_RECORDS_
━━━━━━━━━━
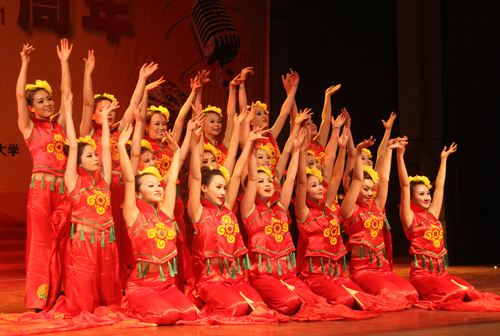 我校选送的秧歌舞《秦悦》 是由16名女教工结合陕西地域文化历时一个月自编自导完成的。舞蹈以陕西秧歌为主要元素,融进了民族和时尚元素,整个基调激情振奋。飞舞的红绸,奋进的舞步,无不展示着丰富浓郁的的秦人风采,也书写西安培华学院教职工的骄傲、喜悦和收获,更尽情地展示了西安培华学院创人民满意民办大学的时代风采,展现了陕西民办高等教育的绚丽与灿烂!
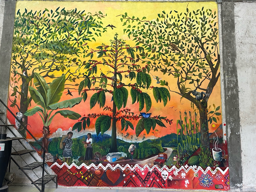 Realizan mural del cafetal tseltal en Tenejapa como parte de investigación doctoral
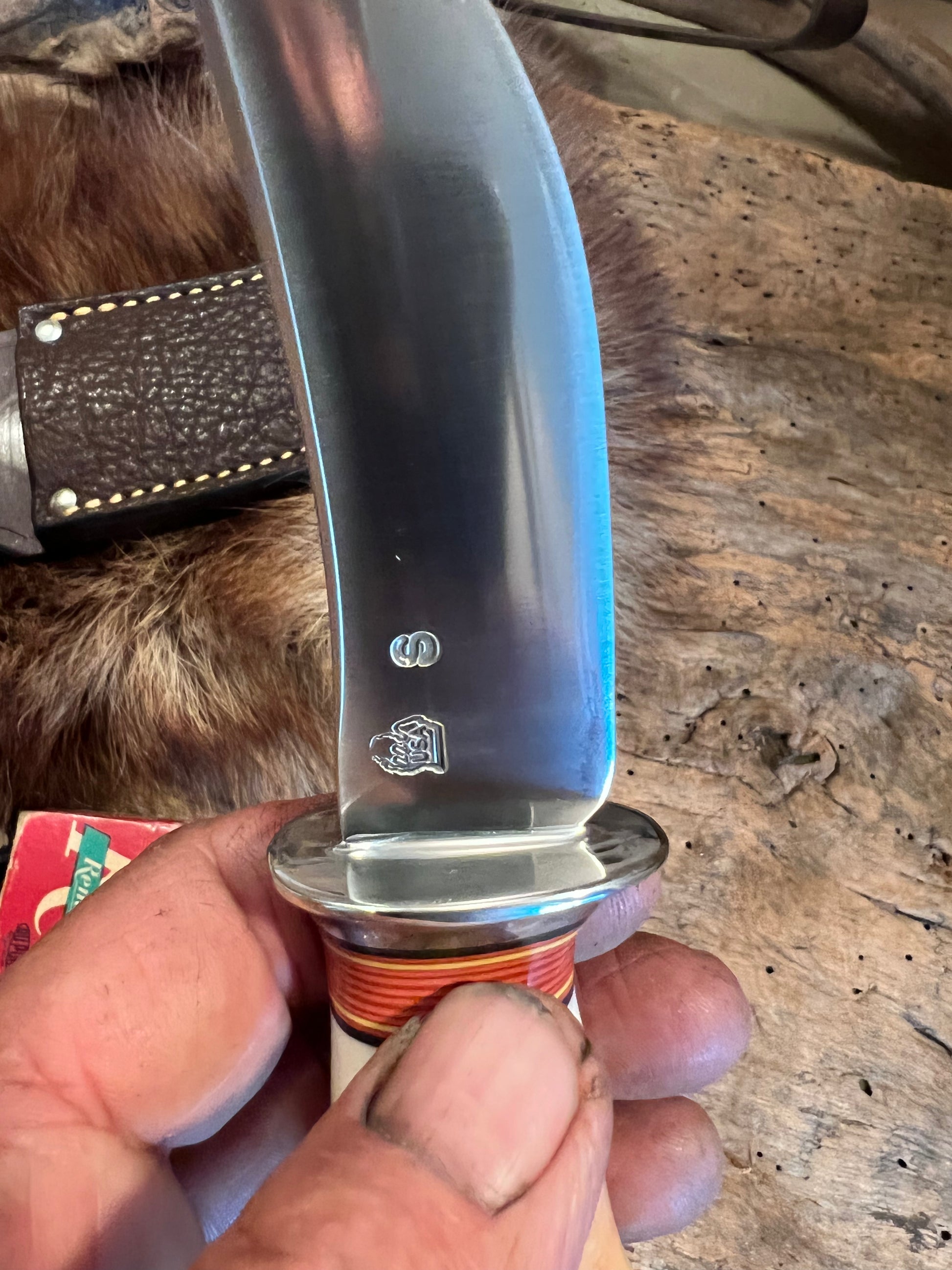 This is a really hard to find Treeman. I have made a handful over the past 23 years. This 3 3/4" blade is made for old school AEB_L stainless steel. They say is equal to 52-100 ball bearing steel that doesn't rust when you look at it. This is Cyro tempered Tough steel and sharp as hell. This blade is about .90 thick so its a real fast cutter and very strong. Stamps are deep and clear. Big S for stainless. Silver soldered guard is nickel. Hidden tang and a pinned stabilized wart hog ivory tusk that fits the hand very well. Comes in a elephant ear and 9 oz leather belt sheath. Priced to sell. Thanks, Jim
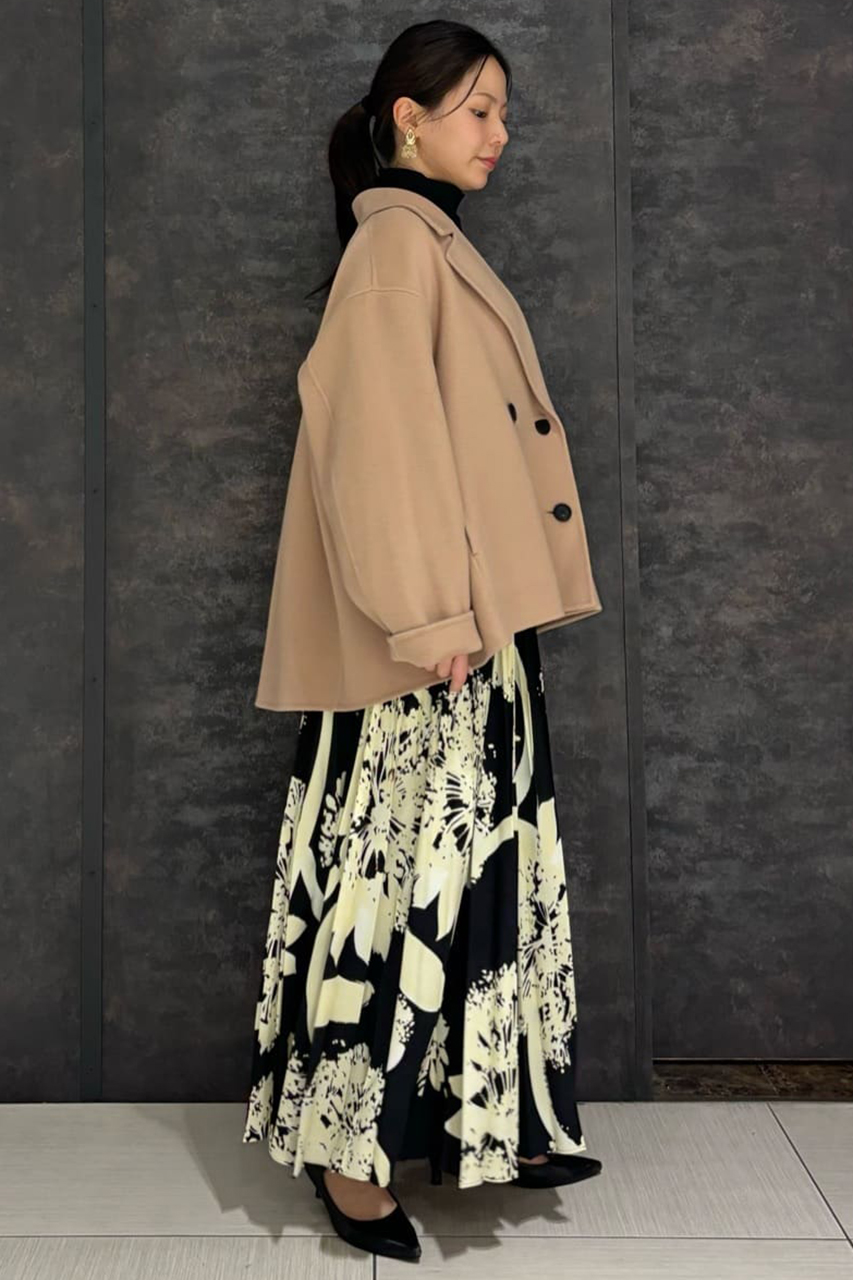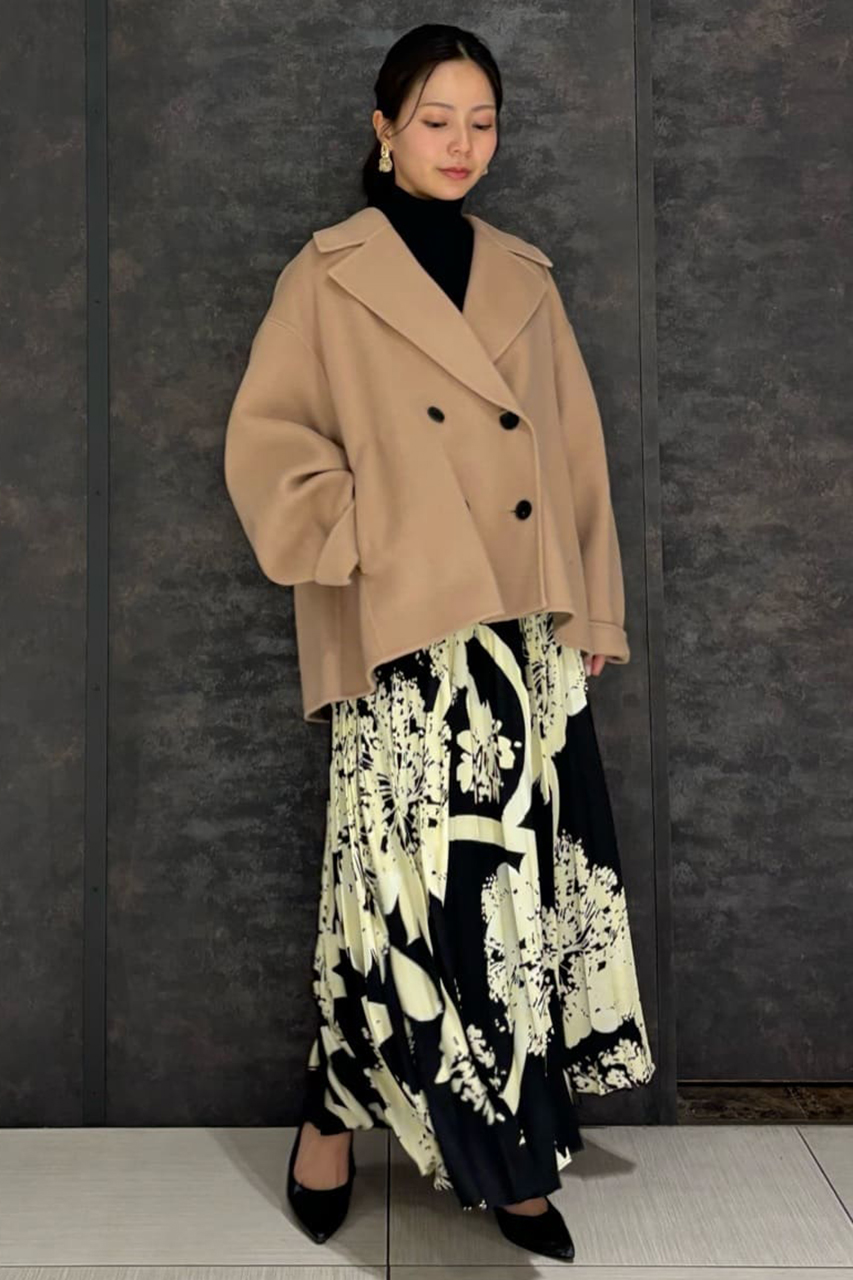 大胆なオーバーサイズシルエットとショートレングスのバランスがモダンで、Pコートデザインがきちんと感をプラス。
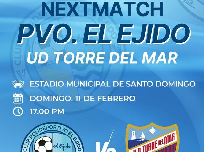 Regresa al estadio municipal de Santo Domingo el Polideportivo El Ejido en su horario habitual, pero en esta ocasión ante un rival que ocupa una posición de privilegio como es la UD Torre del Mar.
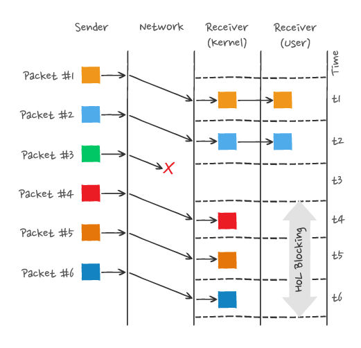 图中发送方发送了很多个 packet,每个 packet 都有自己的序号,你可以认为是 TCP 的序列号,其中 packet #3 在网络中丢失了,即使 packet #4-6 被接收方收到后,由于内核中的 TCP 数据不是连续的,于是接收方的应用层就无法从内核中读取到,只有等到 packet #3 重传后,接收方的应用层才可以从内核中读取到数据。
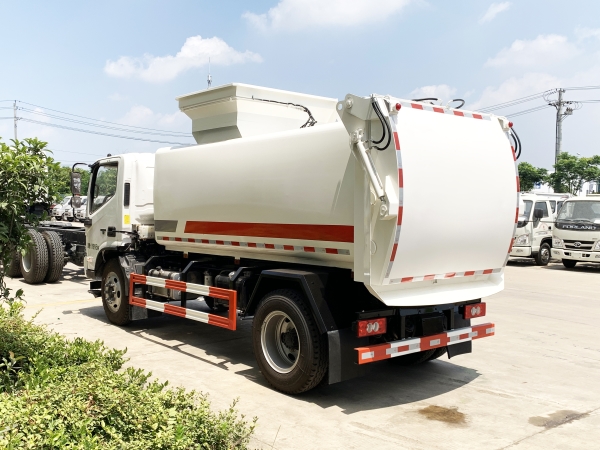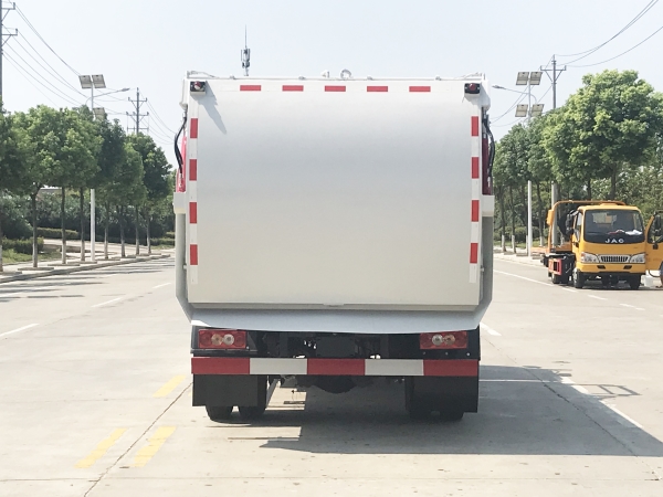 餐廚垃圾車是一種用于收集和運輸生活垃圾、食品垃圾(泔水)及城市淤泥的專用車輛。采用側提桶上料方式進行餐廚垃圾收集,采用自卸方式進行卸料。先進的弧形進料口設計配上完美得液壓刮板系統,使裝料更加快捷和順暢,尾門密封液壓鎖緊系統,確保運輸途中滴水不漏。 主要結構:汽車底盤、垃圾箱體、底架側提桶機構、后門總成、液壓刮板系統、液壓系統和電控系統。液壓系統及電控系統由油泵、油缸、郵箱、電液閥、PLC單元、行程開關和開關等組成。同時本產品選配高壓清洗系統,自動稱重系統和衛星定位互聯網系統,自帶水箱,可以在現場對本車及垃圾桶進行沖洗。是城鎮餐廚垃圾收集運輸的理想工具。
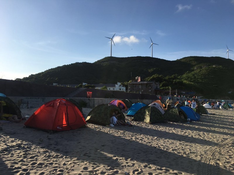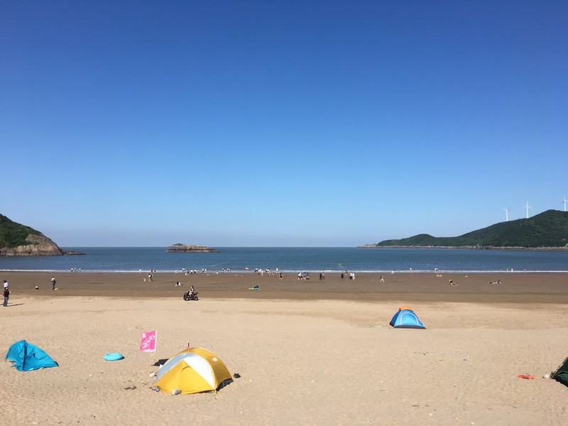 踏上檀头山岛后,有两种方式可以到达农家,一种是乘坐10元一次的电瓶车,另一种是步行前往,大概十几分钟就能走到农家。沙滩就在农家边上,岛上所有的农家都是统一管理的,房子也是并起来的一长排。
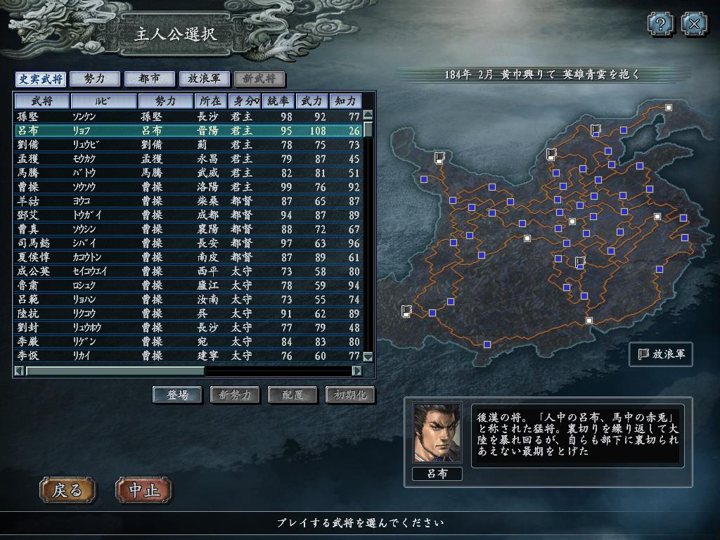 刘备、孙坚、马腾、吕布、孟获 5支放浪势力。(剧本中最多5支放浪军)
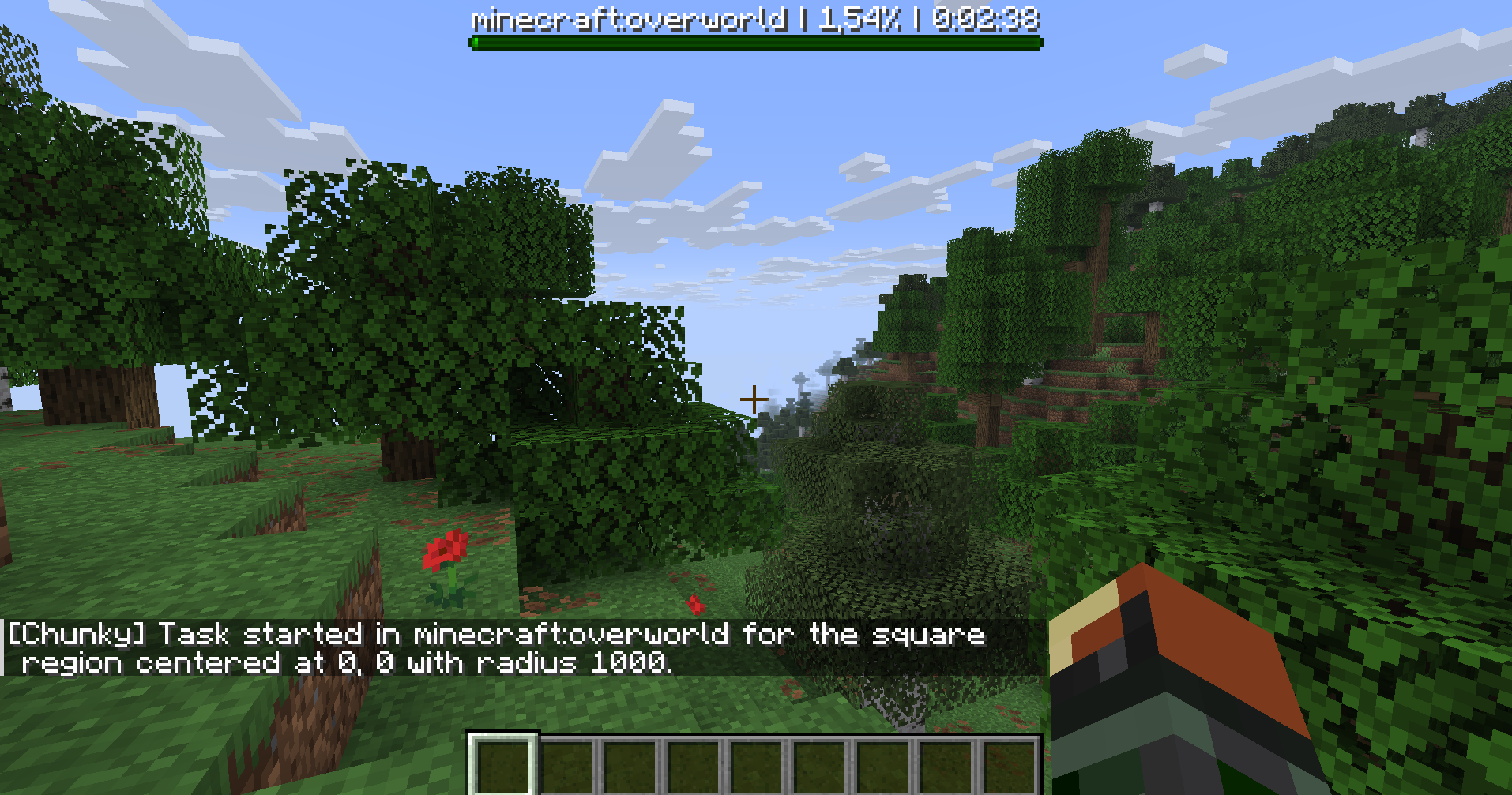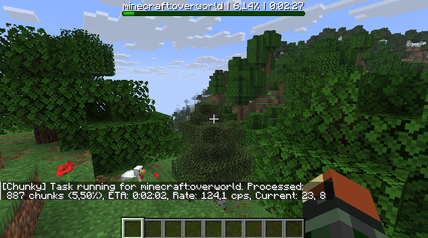 Une fois la génération lancée, Chunky vous affiche régulièrement des messages pour indiquer l’état de la tâche. Si vous êtes en solo, vous les verrez dans le tchat. Sur un serveur, ça s’affiche dans la console.
━━━━━━━━━━
Write out each record exactly as shown, but not its pictures.

 我校选送的秧歌舞《秦悦》 是由16名女教工结合陕西地域文化历时一个月自编自导完成的。舞蹈以陕西秧歌为主要元素,融进了民族和时尚元素,整个基调激情振奋。飞舞的红绸,奋进的舞步,无不展示着丰富浓郁的的秦人风采,也书写西安培华学院教职工的骄傲、喜悦和收获,更尽情地展示了西安培华学院创人民满意民办大学的时代风采,展现了陕西民办高等教育的绚丽与灿烂!
 Realizan mural del cafetal tseltal en Tenejapa como parte de investigación doctoral
 This is a really hard to find Treeman. I have made a handful over the past 23 years. This 3 3/4" blade is made for old school AEB_L stainless steel. They say is equal to 52-100 ball bearing steel that doesn't rust when you look at it. This is Cyro tempered Tough steel and sharp as hell. This blade is about .90 thick so its a real fast cutter and very strong. Stamps are deep and clear. Big S for stainless. Silver soldered guard is nickel. Hidden tang and a pinned stabilized wart hog ivory tusk that fits the hand very well. Comes in a elephant ear and 9 oz leather belt sheath. Priced to sell. Thanks, Jim
 大胆なオーバーサイズシルエットとショートレングスのバランスがモダンで、Pコートデザインがきちんと感をプラス。
 Regresa al estadio municipal de Santo Domingo el Polideportivo El Ejido en su horario habitual, pero en esta ocasión ante un rival que ocupa una posición de privilegio como es la UD Torre del Mar.
 图中发送方发送了很多个 packet,每个 packet 都有自己的序号,你可以认为是 TCP 的序列号,其中 packet #3 在网络中丢失了,即使 packet #4-6 被接收方收到后,由于内核中的 TCP 数据不是连续的,于是接收方的应用层就无法从内核中读取到,只有等到 packet #3 重传后,接收方的应用层才可以从内核中读取到数据。
 餐廚垃圾車是一種用于收集和運輸生活垃圾、食品垃圾(泔水)及城市淤泥的專用車輛。采用側提桶上料方式進行餐廚垃圾收集,采用自卸方式進行卸料。先進的弧形進料口設計配上完美得液壓刮板系統,使裝料更加快捷和順暢,尾門密封液壓鎖緊系統,確保運輸途中滴水不漏。 主要結構:汽車底盤、垃圾箱體、底架側提桶機構、后門總成、液壓刮板系統、液壓系統和電控系統。液壓系統及電控系統由油泵、油缸、郵箱、電液閥、PLC單元、行程開關和開關等組成。同時本產品選配高壓清洗系統,自動稱重系統和衛星定位互聯網系統,自帶水箱,可以在現場對本車及垃圾桶進行沖洗。是城鎮餐廚垃圾收集運輸的理想工具。
 踏上檀头山岛后,有两种方式可以到达农家,一种是乘坐10元一次的电瓶车,另一种是步行前往,大概十几分钟就能走到农家。沙滩就在农家边上,岛上所有的农家都是统一管理的,房子也是并起来的一长排。
 刘备、孙坚、马腾、吕布、孟获 5支放浪势力。(剧本中最多5支放浪军)
 Une fois la génération lancée, Chunky vous affiche régulièrement des messages pour indiquer l’état de la tâche. Si vous êtes en solo, vous les verrez dans le tchat. Sur un serveur, ça s’affiche dans la console.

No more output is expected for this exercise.